• PROBLEM STATEMENT:
Text in the records must be reproduced exactly, and pictures must be skipped.

• INPUT FOR THIS TASK:
################
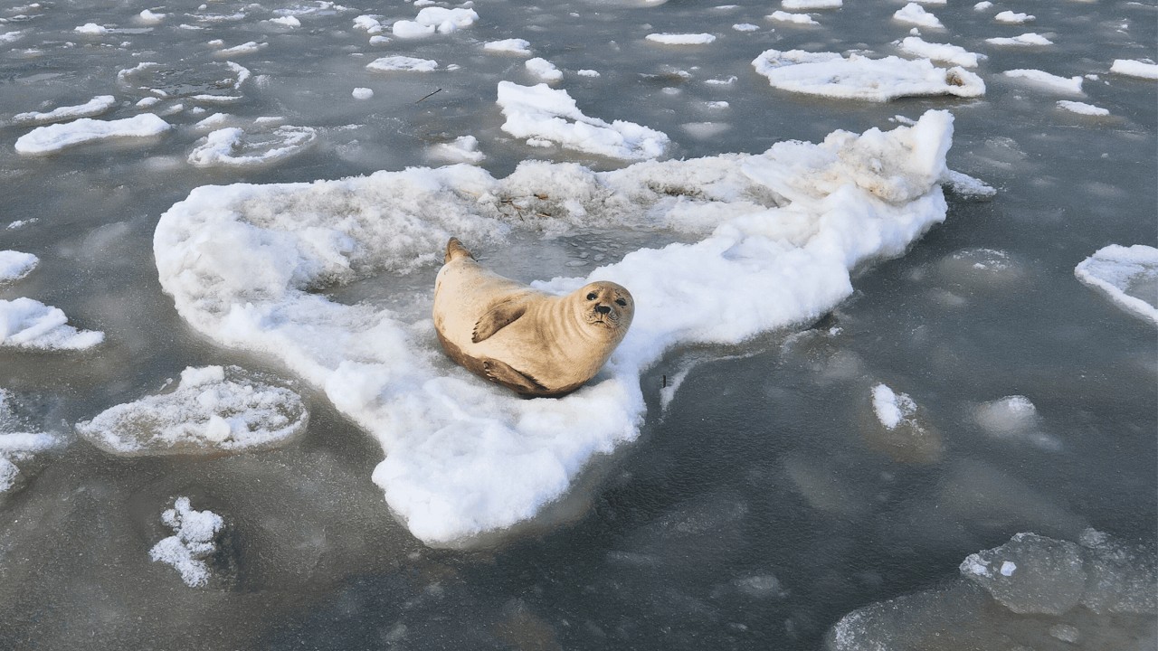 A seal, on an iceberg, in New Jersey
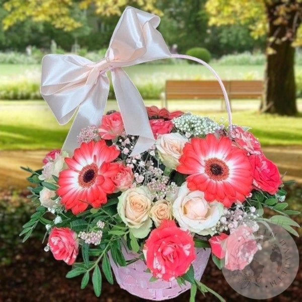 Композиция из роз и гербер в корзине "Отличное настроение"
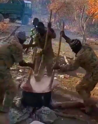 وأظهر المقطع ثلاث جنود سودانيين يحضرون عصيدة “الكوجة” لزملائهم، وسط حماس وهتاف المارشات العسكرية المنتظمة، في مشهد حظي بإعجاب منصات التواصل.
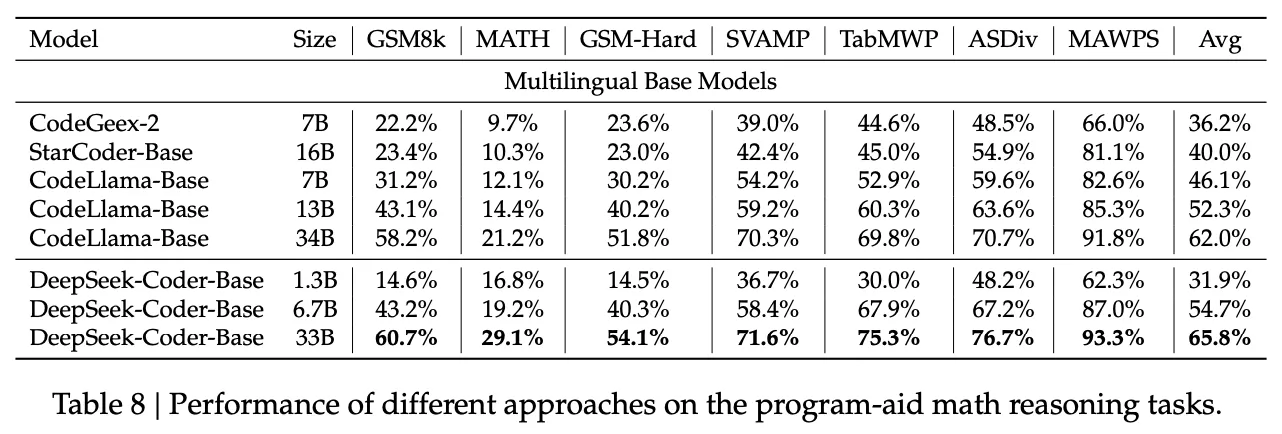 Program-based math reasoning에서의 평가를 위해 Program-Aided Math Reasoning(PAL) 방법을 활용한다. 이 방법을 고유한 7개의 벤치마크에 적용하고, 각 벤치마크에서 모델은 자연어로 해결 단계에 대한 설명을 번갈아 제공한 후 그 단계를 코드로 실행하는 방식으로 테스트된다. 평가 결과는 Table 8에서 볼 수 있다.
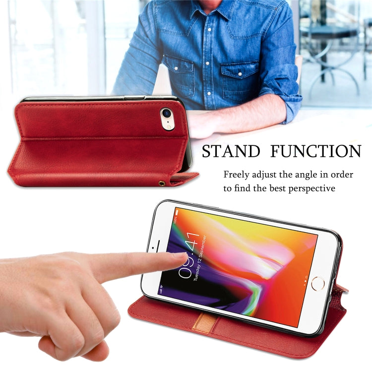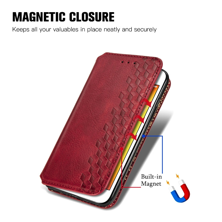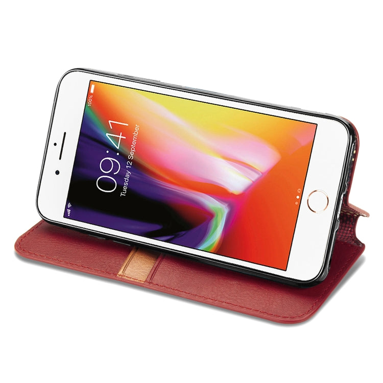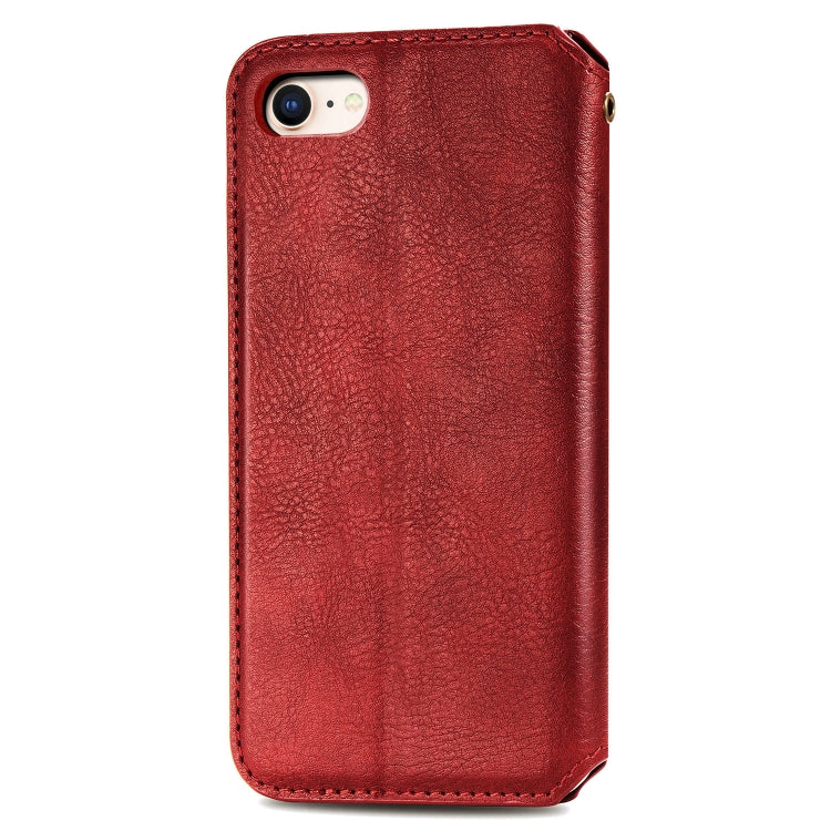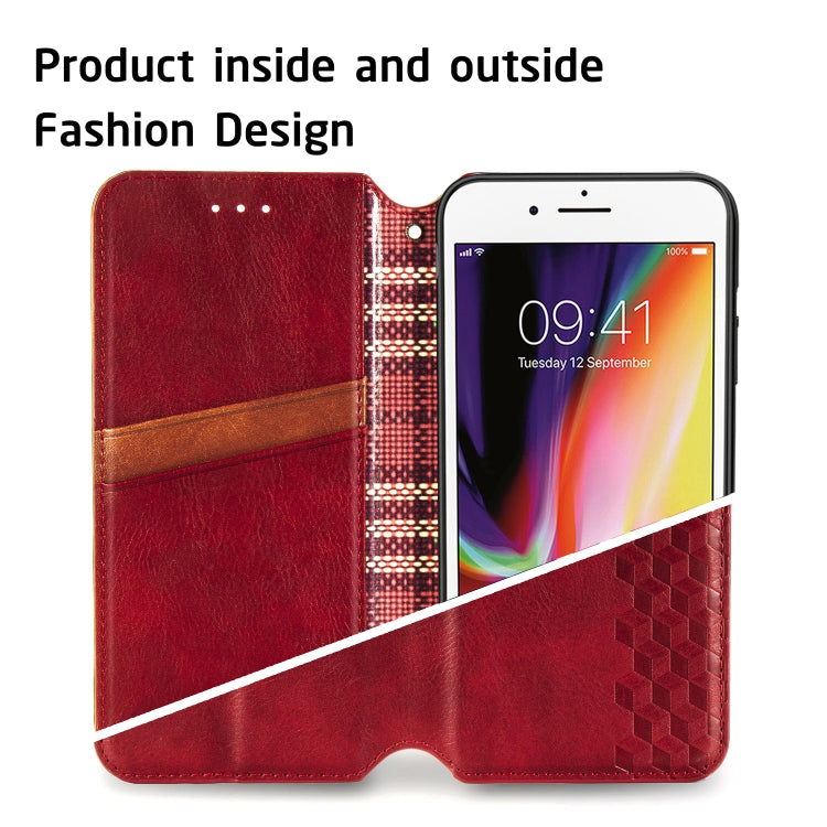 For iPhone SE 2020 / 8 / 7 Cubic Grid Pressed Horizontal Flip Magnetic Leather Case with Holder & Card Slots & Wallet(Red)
################
• YOUR RESPONSE:
 A seal, on an iceberg, in New Jersey
 Композиция из роз и гербер в корзине "Отличное настроение"
 وأظهر المقطع ثلاث جنود سودانيين يحضرون عصيدة “الكوجة” لزملائهم، وسط حماس وهتاف المارشات العسكرية المنتظمة، في مشهد حظي بإعجاب منصات التواصل.
 Program-based math reasoning에서의 평가를 위해 Program-Aided Math Reasoning(PAL) 방법을 활용한다. 이 방법을 고유한 7개의 벤치마크에 적용하고, 각 벤치마크에서 모델은 자연어로 해결 단계에 대한 설명을 번갈아 제공한 후 그 단계를 코드로 실행하는 방식으로 테스트된다. 평가 결과는 Table 8에서 볼 수 있다.
 For iPhone SE 2020 / 8 / 7 Cubic Grid Pressed Horizontal Flip Magnetic Leather Case with Holder & Card Slots & Wallet(Red)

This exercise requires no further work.